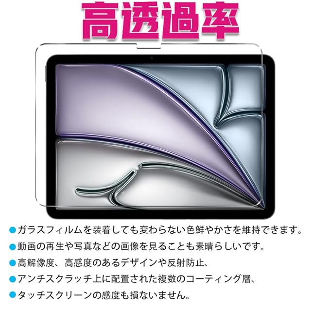 Huy iPad Air 11用のガラスフイルム 2024 対応(M2) 11インチ 用のフイルム【2枚セッ】日本旭硝子製 強化ガラス 液晶 保護フィルム 貼り付け簡単 硬度9H 防指紋
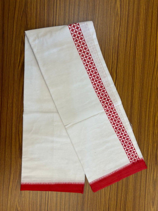 Kaitharikada - Polyster + Cotton - 20s twisted - Pure white Single Kaily / Lungi - 1.5 inch Red Printed Kuppadam Border with White colour body (2 meter / 4 muzham) - 5 KK8035 GAN
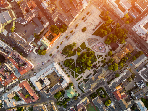 downtown plac litewski, city square and park at sunset, Lublin, Poland
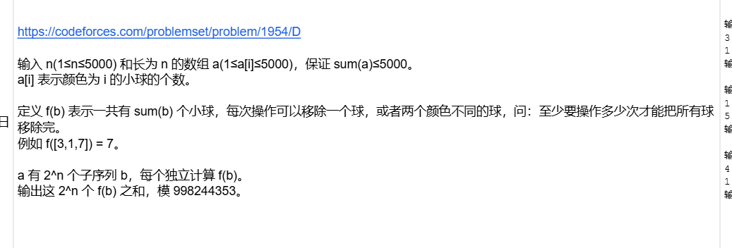我们前面分析的很清楚了,配对贪心根据元素最大出现次数是否超过一半,贡献就两种,所以考虑贡献法,我们要是可以算出来,考虑前 i i i种元素,最大出现次数,超过/不超过总数一半的方案数,乘上贡献值,累加就行。
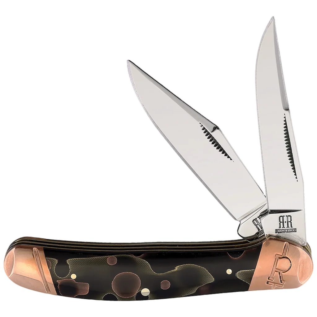 The Rough Ryder Copper Swirl Copperhead features mirror polished 440A stainless steel clip point and skinner blades with match strike pulls. The handles are black acrylic with a cool copper swirl, copper bolsters, nickel silver pins, and brass liners. It's 3.75" closed and weighs 3.04oz.
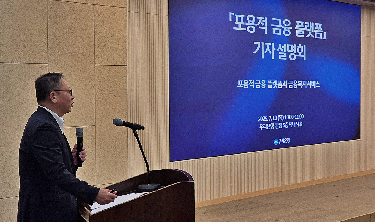 우리은행은 지난 7월 10일 서울 중구 본점에서 ‘포용적 금융 플랫폼’에 관한 기자설명회를 개최하고 중소기업과 소상공인과의 동반성장에 대한 전략과 의지를 밝혔다. 이날 설명회에서 우리은행은 자사의 기업금융 플랫폼인 △원비즈플라자 △원비즈e-MP △우리SAFE정산 등을 소개하고, 이러한 서비스를 통해 구매기업과 협력업체 모두에게 안정적인 공급망 관리와 금융지원 등 토탈솔루션을 제공하고 있다고 설명했다. 인사말에 나선 정진완 은행장은 “중소기업들은 공급망·결제망·금융지원 등 핵심 인프라를 자체 구축하기가 쉽지 않아 우리은행이 금융권 최초로 공급망 금융 플랫폼인 원비즈플라자 서비스를 제공하게 됐다”며, “이러한 플랫폼 안에서 대기업과 중소기업, 제조업과 서비스업, 내수기업과 수출기업 등이 모두 상생함으로써 포용성장을 이뤄낼 수 있을 것”이라고 전했다.
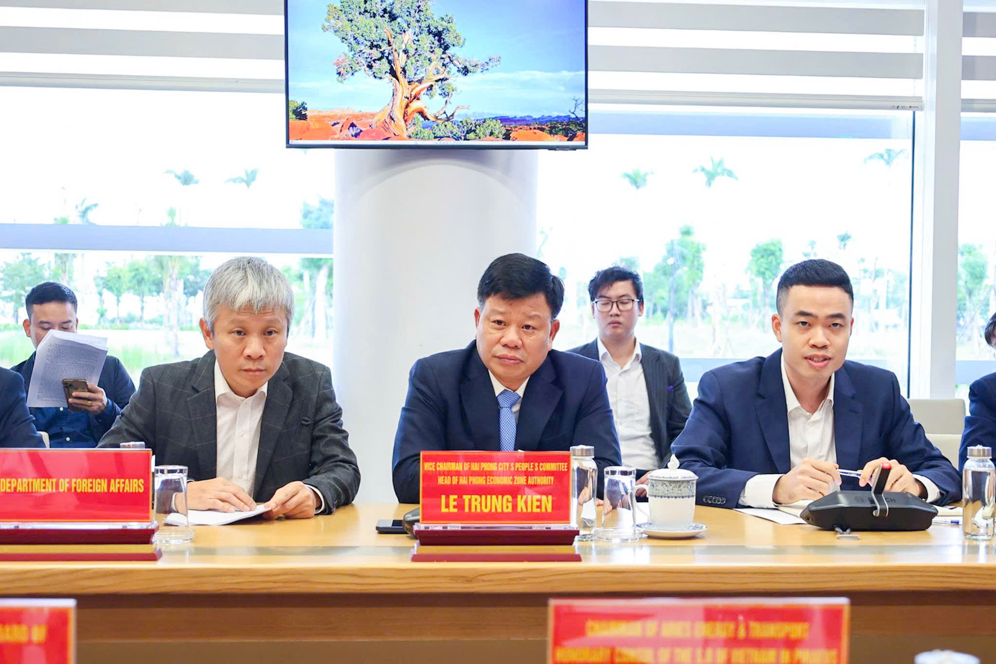 Tại buổi làm việc, đồng chí Phó Chủ tịch UBND thành phố Lê Trung Kiên bày tỏ vui mừng đón tiếp lãnh đạo hai Tập đoàn lớn trong lĩnh vực năng lượng và vận tải biển – lĩnh vực Hải Phòng đặc biệt quan tâm, kêu gọi đầu tư. Đồng chí giới thiệu tới các Tập đoàn những kết quả nổi bật trong phát triển kinh tế - xã hội của Hải Phòng thời gian qua, cùng các tiềm năng, lợi thế của thành phố trên nhiều lĩnh vực. Phó Chủ tịch UBND thành phố cho biết, sau sáp nhập, quy mô kinh tế của thành phố hiện đứng thứ 3 cả nước. Kinh tế của Hải Phòng duy trì mức tăng trưởng 2 con số liên tục trong vòng 10 năm; khẳng định sự phát triển này dựa vào những góp lớn của lĩnh vực công nghiệp, trong đó có ngành công nghiệp vận tải biển và năng lượng. Hải Phòng là thành phố ven biển bờ biển dài với các cảng biển nước sâu cùng hệ thống sông lớn góp phần kết nối giao thông đường thuỷ, đường bộ thuận lợi.

▶ Required work
Reproduce word for word the lines from the line with "downtown plac litewski, city" to the end of the entries above, both included, but leave the pictures out.

▶ Problem solution
 downtown plac litewski, city square and park at sunset, Lublin, Poland
我们前面分析的很清楚了,配对贪心根据元素最大出现次数是否超过一半,贡献就两种,所以考虑贡献法,我们要是可以算出来,考虑前 i i i种元素,最大出现次数,超过/不超过总数一半的方案数,乘上贡献值,累加就行。
 The Rough Ryder Copper Swirl Copperhead features mirror polished 440A stainless steel clip point and skinner blades with match strike pulls. The handles are black acrylic with a cool copper swirl, copper bolsters, nickel silver pins, and brass liners. It's 3.75" closed and weighs 3.04oz.
 우리은행은 지난 7월 10일 서울 중구 본점에서 ‘포용적 금융 플랫폼’에 관한 기자설명회를 개최하고 중소기업과 소상공인과의 동반성장에 대한 전략과 의지를 밝혔다. 이날 설명회에서 우리은행은 자사의 기업금융 플랫폼인 △원비즈플라자 △원비즈e-MP △우리SAFE정산 등을 소개하고, 이러한 서비스를 통해 구매기업과 협력업체 모두에게 안정적인 공급망 관리와 금융지원 등 토탈솔루션을 제공하고 있다고 설명했다. 인사말에 나선 정진완 은행장은 “중소기업들은 공급망·결제망·금융지원 등 핵심 인프라를 자체 구축하기가 쉽지 않아 우리은행이 금융권 최초로 공급망 금융 플랫폼인 원비즈플라자 서비스를 제공하게 됐다”며, “이러한 플랫폼 안에서 대기업과 중소기업, 제조업과 서비스업, 내수기업과 수출기업 등이 모두 상생함으로써 포용성장을 이뤄낼 수 있을 것”이라고 전했다.
 Tại buổi làm việc, đồng chí Phó Chủ tịch UBND thành phố Lê Trung Kiên bày tỏ vui mừng đón tiếp lãnh đạo hai Tập đoàn lớn trong lĩnh vực năng lượng và vận tải biển – lĩnh vực Hải Phòng đặc biệt quan tâm, kêu gọi đầu tư. Đồng chí giới thiệu tới các Tập đoàn những kết quả nổi bật trong phát triển kinh tế - xã hội của Hải Phòng thời gian qua, cùng các tiềm năng, lợi thế của thành phố trên nhiều lĩnh vực. Phó Chủ tịch UBND thành phố cho biết, sau sáp nhập, quy mô kinh tế của thành phố hiện đứng thứ 3 cả nước. Kinh tế của Hải Phòng duy trì mức tăng trưởng 2 con số liên tục trong vòng 10 năm; khẳng định sự phát triển này dựa vào những góp lớn của lĩnh vực công nghiệp, trong đó có ngành công nghiệp vận tải biển và năng lượng. Hải Phòng là thành phố ven biển bờ biển dài với các cảng biển nước sâu cùng hệ thống sông lớn góp phần kết nối giao thông đường thuỷ, đường bộ thuận lợi.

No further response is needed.